A study according OECD TG 476 was performed with the source substance CAS 1266615-59 -1 to investigate the potential of the substance to induce mutations at the hypoxanthineguanine phosphoribosyl transferase (HPRT) locus in Chinese Hamster cells (V79). The assay comprised a pre-test and two independent experiments (experiment I and II). The pre-test was done to detect a potential cytotoxic effect of the test item. Based on the results of this test the concentrations for the main experiments were determined. The first main experiment (experiment I) was performed with and without metabolic activation (liver S9 mix from male rats, treated with Aroclor 1254) and a treatment period of 4 h. The second experiment (experiment II) was performed with a treatment period of 24 hours without metabolic activation. The highest nominal concentration (10 mM) applied was chosen based on the good solubility of the test item in organic solvents and aqueous media and on the absence of cytotoxicity. Appropriate reference mutagens, used as positive controls, induced a distinct increase in mutant colonies and thus, showed enough sensitivity of the testing procedure and the activity of the metabolic activation system. No substantial and reproducible dose-dependent increase in mutant colony numbers was observed in both experiments up to the maximal concentration (10 mM) of the test item. In conclusion, it can be stated that under the experimental conditions of this study the test item did not induce gene mutations at the HPRT locus in V79 cells in the absence and presence of metabolic activation. 

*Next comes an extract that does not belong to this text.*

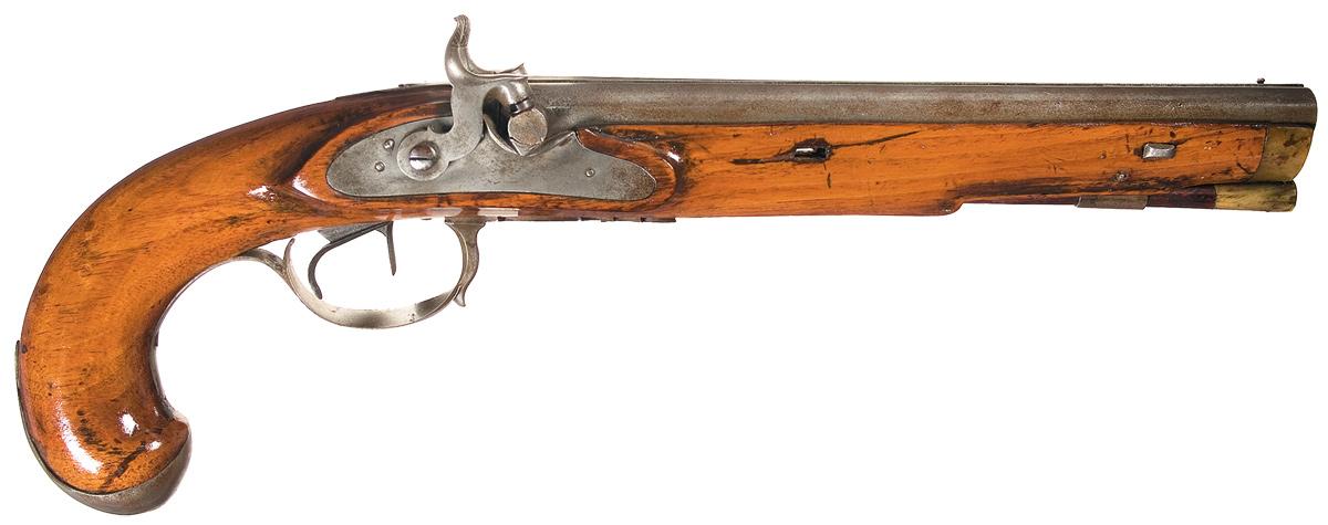 B) Unmarked Double Barrel Percussion Conversion Pistol

Justification for classification or non-classification

Classification, Labeling, and Packaging Regulation (EC) No 1272/2008

The available test data are reliable and suitable for classification purposes under Regulation (EC) No 1272/2008. Thus, the test item is considered not to be classified for genotoxicity under Regulation (EC) No 1272/2008, amended for the fifteenth time in Regulation (EU) 2020/1182.